Integrating Other Data Sources

Data source plays an important role in GL, through which GL loads the raw data to build graph and sync states among distributed servers. The data source is implemented by a kind of file system. Currently, GL has implemented the file system interface to operate local files. When running distributedly, a distributed file system is needed. GL supports to be launched by KubeFlow and all servers access the file system by mounting NFS to local.

If it is difficult to configure your environment with KubeFlow and NFS, you NEED to implement a kind of file system to satisfy the requirements of GL.

File System Interface

The interface of file system defines the basic operation for file and directory, such as Exist, Create and Delete. Besides, we abstract three kinds of files that a file system should implement.

ByteStreamAccessFile

A ByteStreamAccessFile enables to read a file in byte stream. That is, you can create such a file reader, seek to an offset, and then read the next n bytes until reach the end.

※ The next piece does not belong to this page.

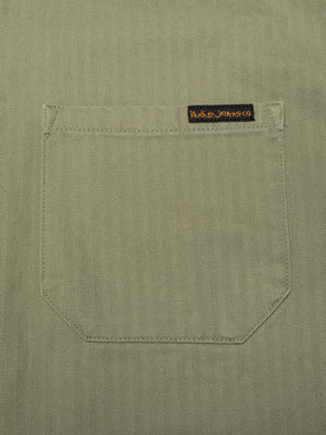 Giacca chore a vestibilità regolare dal design pulito e funzionale, con una tasca sul petto, una tasca interna capiente e due tasche frontali. Le tasche sono rinforzate con cuciture a triangolo, mentre le cuciture principali a doppio ago garantiscono solidità e durata. Realizzata in herringbone twill tinto in capo blu profondo, leggermente rigido al tatto, con lavaggio delicato che ne esalta il carattere workwear vintage.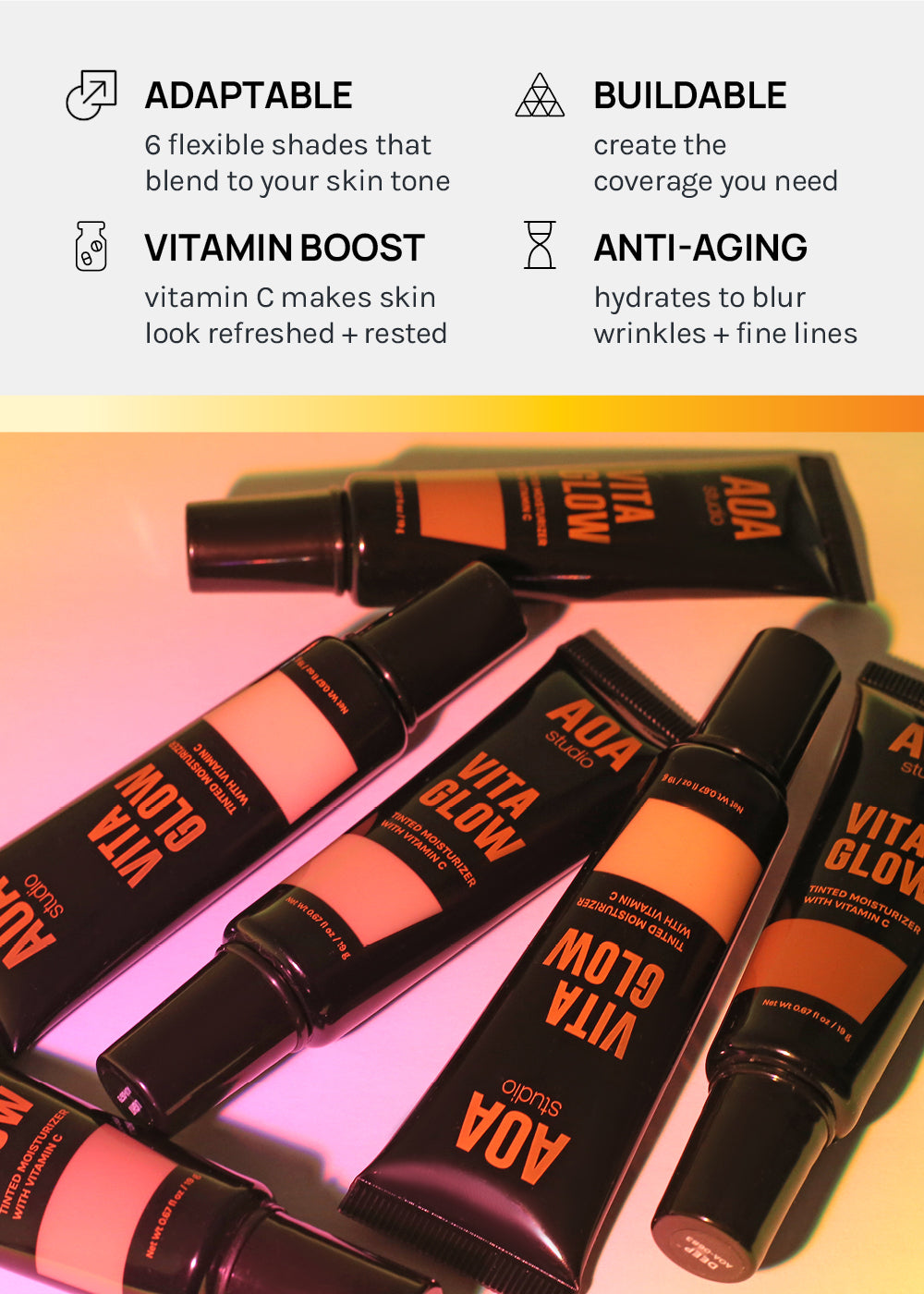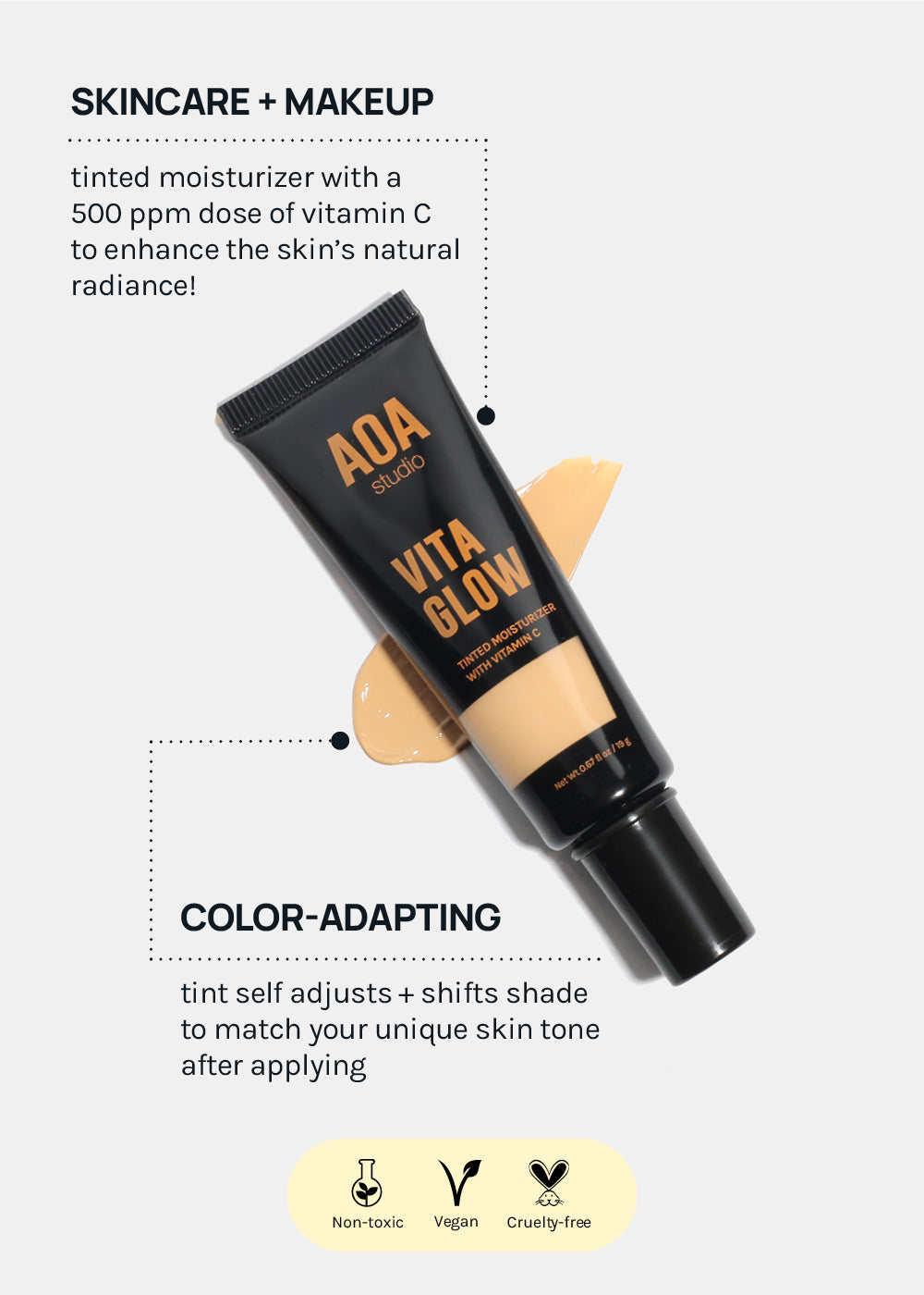 - A lightweight, natural coverage tinted moisturizer that is infused with Vitamin C to help brighten dull skin!

virtual Status Read(size_t n, LiteString* result, char* buffer) = 0;

The GetFileSize() interface in file system should return the size in bytes for a ByteStreamAccessFile.

StructuredAccessFile

Different from ByteStreamAccessFile, StructuredAccessFile will consume the file in records instead of in bytes. That is, you can create such a file reader, seek to an offset, and then read the next Record until reach the end.

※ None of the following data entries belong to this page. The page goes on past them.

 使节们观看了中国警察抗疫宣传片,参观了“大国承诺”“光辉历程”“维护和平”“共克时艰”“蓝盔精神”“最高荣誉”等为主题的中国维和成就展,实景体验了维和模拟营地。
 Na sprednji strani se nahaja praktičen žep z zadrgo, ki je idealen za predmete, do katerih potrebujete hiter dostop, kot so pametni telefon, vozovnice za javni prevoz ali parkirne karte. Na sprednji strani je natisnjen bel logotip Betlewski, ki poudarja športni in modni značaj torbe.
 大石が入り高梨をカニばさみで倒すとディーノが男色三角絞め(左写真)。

virtual Status Read(io::Record* result) = 0;

A Record contains several columns described by Schema. Each column value may be in type of Int32, Int64, Float, Double or String.

The raw graph data will be placed in StructuredAccessFiles, GL will load it and build graph index. Refer HERE for more supported raw data formats.

The GetRecordCount() interface in file system should return the size in records for a StructuredAccessFile.

WritableFile

A WritableFile enables to append pieces of data into a file, and does not care about what the format is.

virtual Status Append(const LiteString& data) = 0;

Register with Scheme

At last, register the new file system to the Environment. Each file system should has a unique scheme, such as hdfs://.

REGISTER_FILE_SYSTEM("scheme", MyFileSystem);

After registration, you can use such a file path when building Graph.